I have the following configuration (for example):

DataCenter1

-dtc1_cluster1

-dtc1_cluster2

-dtc1_cluster3

DataCenter2

-dtc2_cluster1

dtc1_cluster1 is solely for development VMs; dtc1_cluster2 is for desktop VMs; and dtc1_cluster3 is for Production

dtc2_cluster1 is for my DMZ

Now I want desktop staff to have full access to dtc1_cluster2. Access in terms of taking snapshots, power on/off vms, and migrate to other hosts which may include moving storage locations.

PROBLEM:

if I assign those rights at dtc1_cluster2, i do not get vmotion of any kind.

SOLUTION:

I have to assign the rights at the dtc1 (datacenter) level in order to get vmotion in dtc1_cluster2 [this has been confirmed and verified by vmware support and ruled as BY-DESIGN]

To me this is a FLAWED design. I say that with a grain of salt because I do not want to issue vmotion permission at the datacenter level (dtc1). Because my desktop staff do not need to see the other clusters in the datacenter nor do I want them to have vmotion in those clusters. I only want them to interact with the desktop cluster dtc1_cluster2.
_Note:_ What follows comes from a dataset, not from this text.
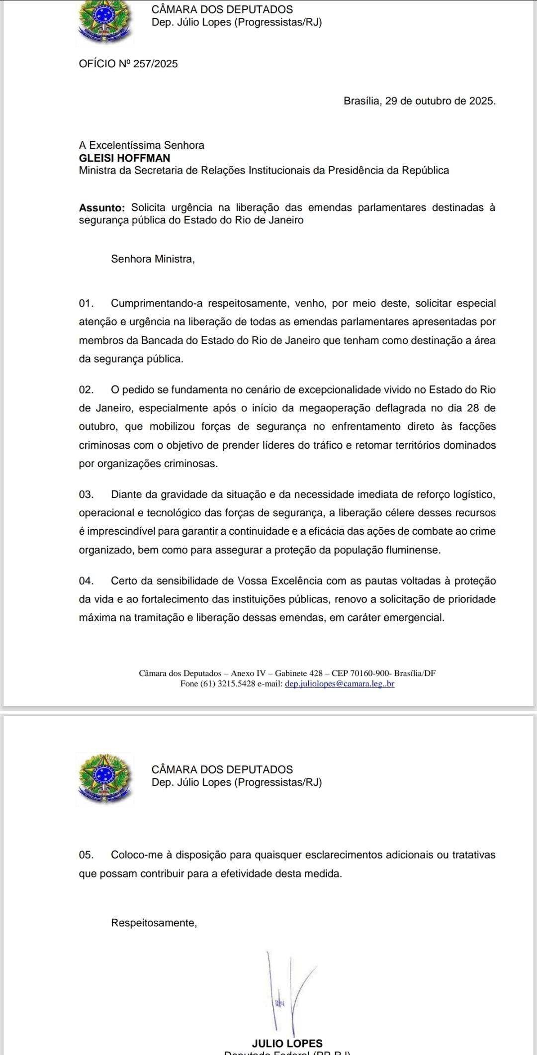 - Vou solicitar hoje uma audiência com o ministro Lewandowski para que possamos debater mudanças na lei que classifica crimes de terror. Se a população é atacada sem motivo, sem reação, temos que considerar como crime de terror. No ano passado entreguei ao ministro da Justiça e da Segurança Pública, Ricardo Lewandowski, um pedido para que haja uma mudança no enquadramento da lei do terror, para que 9 governo federal tenha a obrigação de intervir imediatamente com a polícia federal, forças armadas e com os meios que dispõem. Essa história de GLO é uma bobagem.
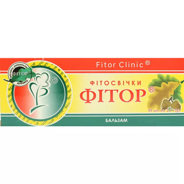 Бальзам Фітор - фіторові свічки є ефективним завдяки присутності в своєму складі підвищеного вмісту унікальної натуральної добавки ФІТОР (екстракт листа дуба), що включає дубильні речовини, кварцетон, флавоноїди, еллагову, фульвову і галловую кислоти, пектини, пентозани, флобафен, моноцукри, білкові речовини, олії, вуглеводи, крохмаль, вітаміни, макро- і мікроелементи (всього 32 елемента).

Has anyone else ran into this problem? Because I feel that vmotion should still be allowed at the CLUSTER level within the DATACENTER despite the permissions only being assigned at the CLUSTER.

I have everything else assigned and working except for vmotion.

This to me for my environment, does not work as expected and should be addressed in the next release. Not even Windows permissions work like this. I shouldn't have to assign full-control at the top level tree, so that a user can do something in a sub-folder when i don't want them to have access to other sub-folders in that tree.